◆ Supplied entries:
####

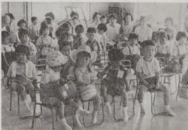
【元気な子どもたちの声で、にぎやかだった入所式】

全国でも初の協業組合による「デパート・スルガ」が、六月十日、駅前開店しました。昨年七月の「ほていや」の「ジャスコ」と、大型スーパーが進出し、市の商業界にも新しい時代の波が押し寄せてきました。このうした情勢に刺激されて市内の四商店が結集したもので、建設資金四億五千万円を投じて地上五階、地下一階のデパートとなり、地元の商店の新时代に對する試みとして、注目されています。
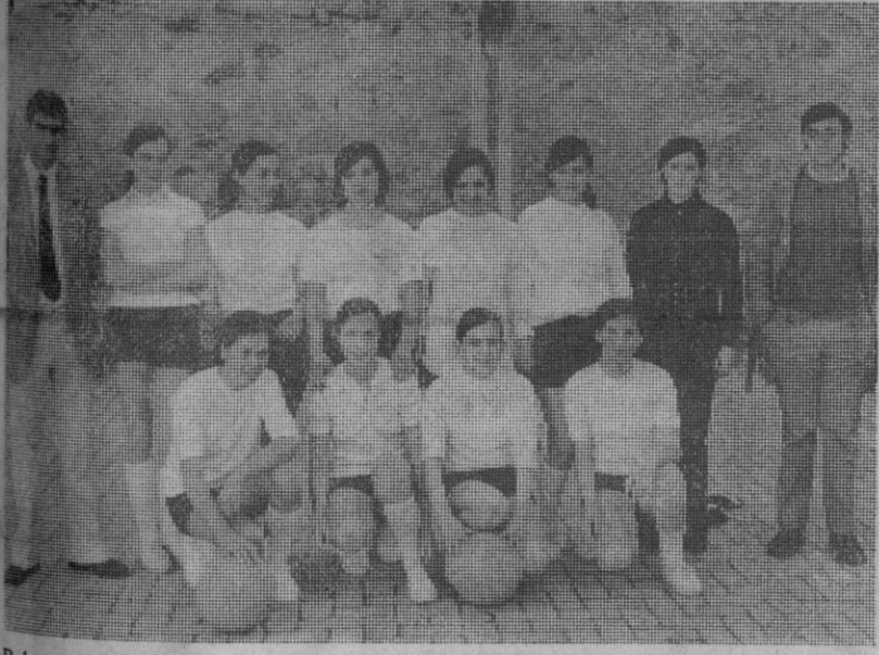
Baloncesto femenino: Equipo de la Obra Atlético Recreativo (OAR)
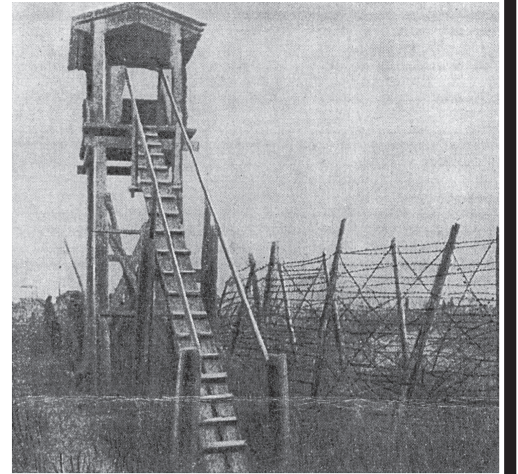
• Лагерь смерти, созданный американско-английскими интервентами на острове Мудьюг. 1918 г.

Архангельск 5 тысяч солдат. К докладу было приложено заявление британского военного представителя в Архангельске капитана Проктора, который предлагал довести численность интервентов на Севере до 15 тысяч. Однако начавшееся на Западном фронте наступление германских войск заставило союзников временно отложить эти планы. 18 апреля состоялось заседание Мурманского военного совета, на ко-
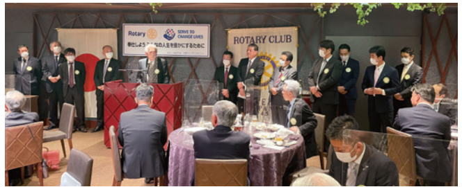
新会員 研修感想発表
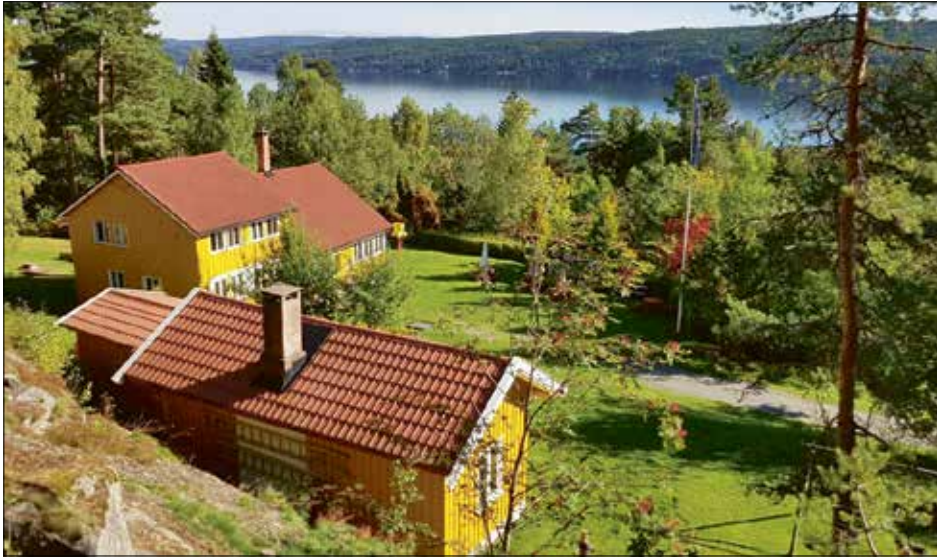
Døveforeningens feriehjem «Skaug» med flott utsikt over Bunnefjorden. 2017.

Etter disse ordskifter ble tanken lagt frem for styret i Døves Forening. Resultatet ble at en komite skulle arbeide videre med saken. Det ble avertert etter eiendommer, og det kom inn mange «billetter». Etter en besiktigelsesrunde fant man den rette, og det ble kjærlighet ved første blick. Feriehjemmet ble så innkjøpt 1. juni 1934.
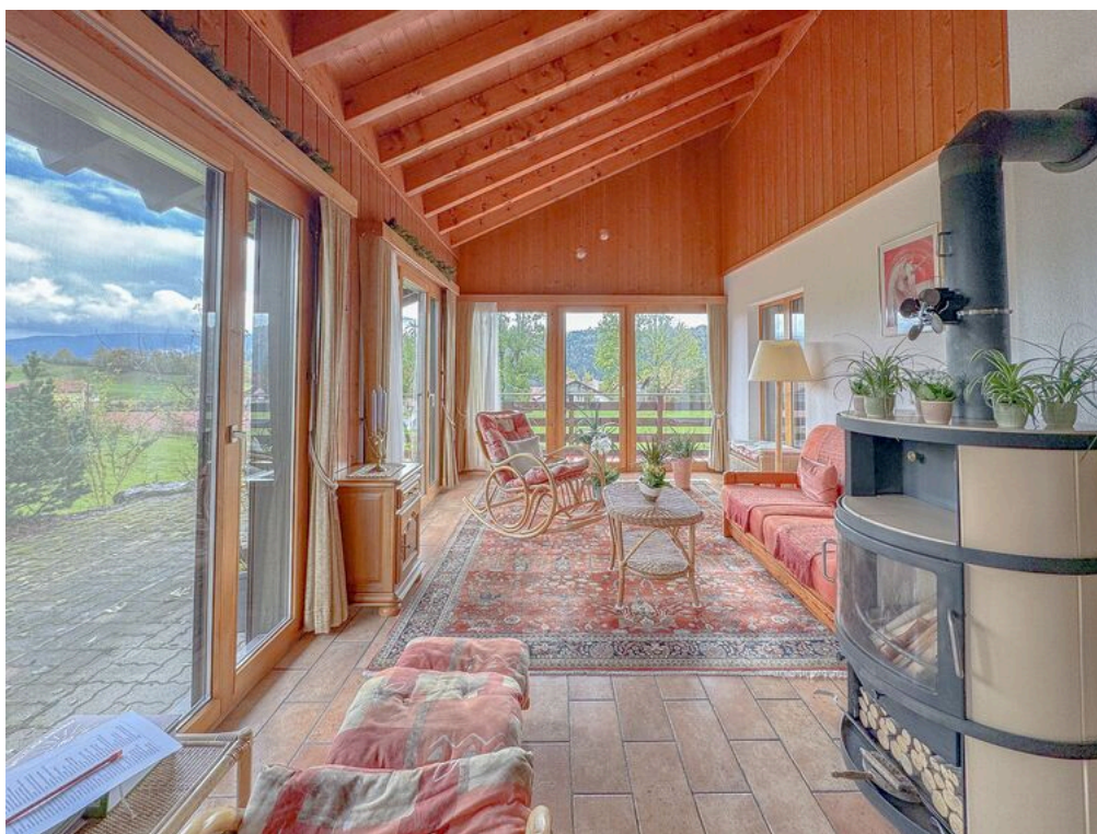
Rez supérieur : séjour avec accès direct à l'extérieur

####

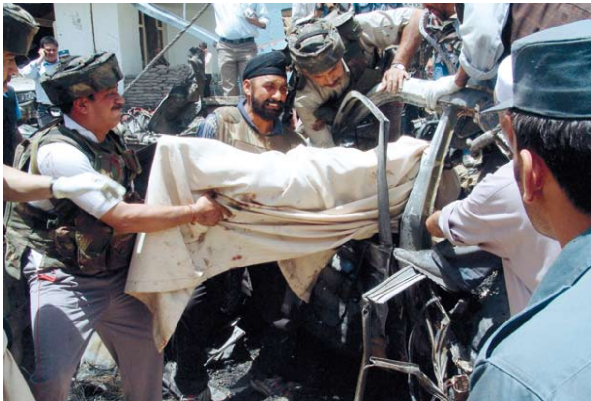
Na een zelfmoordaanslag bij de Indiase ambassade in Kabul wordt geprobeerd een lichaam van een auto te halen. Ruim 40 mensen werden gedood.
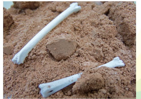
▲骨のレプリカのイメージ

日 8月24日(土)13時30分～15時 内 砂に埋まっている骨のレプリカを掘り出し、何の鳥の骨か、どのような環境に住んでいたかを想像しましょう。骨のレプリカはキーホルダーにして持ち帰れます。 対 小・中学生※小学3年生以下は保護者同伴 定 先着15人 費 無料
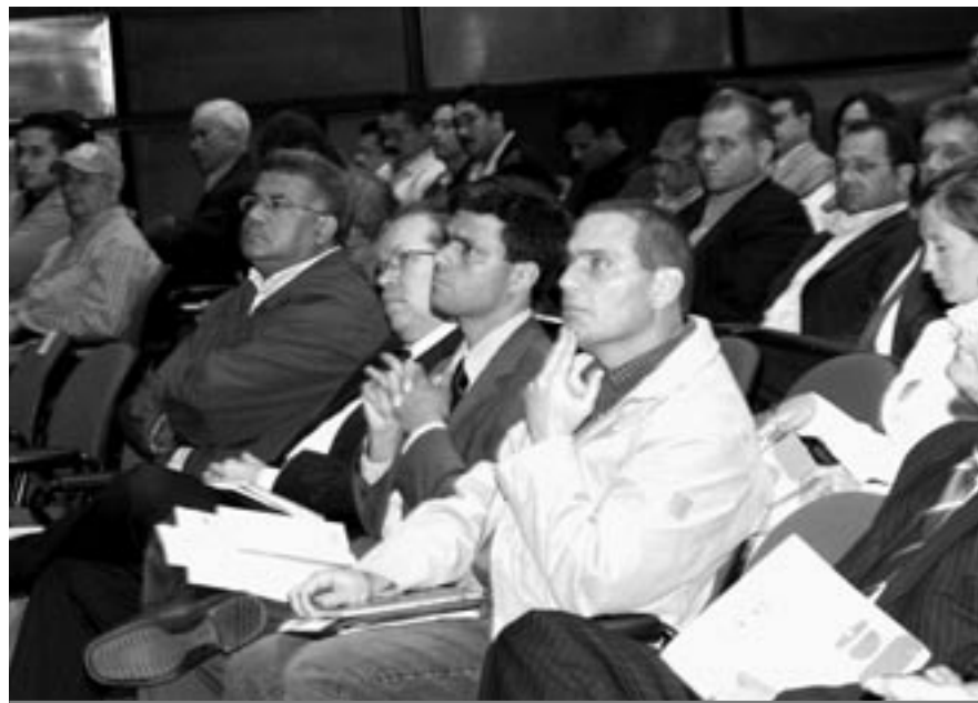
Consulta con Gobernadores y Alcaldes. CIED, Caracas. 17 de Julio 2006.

####

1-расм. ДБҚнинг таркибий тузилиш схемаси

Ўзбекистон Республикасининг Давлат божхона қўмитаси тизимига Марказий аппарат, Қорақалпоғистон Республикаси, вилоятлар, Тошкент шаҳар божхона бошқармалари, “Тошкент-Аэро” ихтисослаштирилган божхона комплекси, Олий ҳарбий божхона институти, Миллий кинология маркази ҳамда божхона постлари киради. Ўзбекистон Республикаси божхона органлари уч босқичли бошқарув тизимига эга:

####

◆ Work instruction:
Starting at the line that contains "1-расм. ДБҚнинг таркибий тузилиш схемаси" and stopping after the line that contains "Ўзбекистон Республикасининг Давлат", write out every line exactly as it appears above, and no other line.

◆ Answer box:
1-расм. ДБҚнинг таркибий тузилиш схемаси

Ўзбекистон Республикасининг Давлат божхона қўмитаси тизимига Марказий аппарат, Қорақалпоғистон Республикаси, вилоятлар, Тошкент шаҳар божхона бошқармалари, “Тошкент-Аэро” ихтисослаштирилган божхона комплекси, Олий ҳарбий божхона институти, Миллий кинология маркази ҳамда божхона постлари киради. Ўзбекистон Республикаси божхона органлари уч босқичли бошқарув тизимига эга:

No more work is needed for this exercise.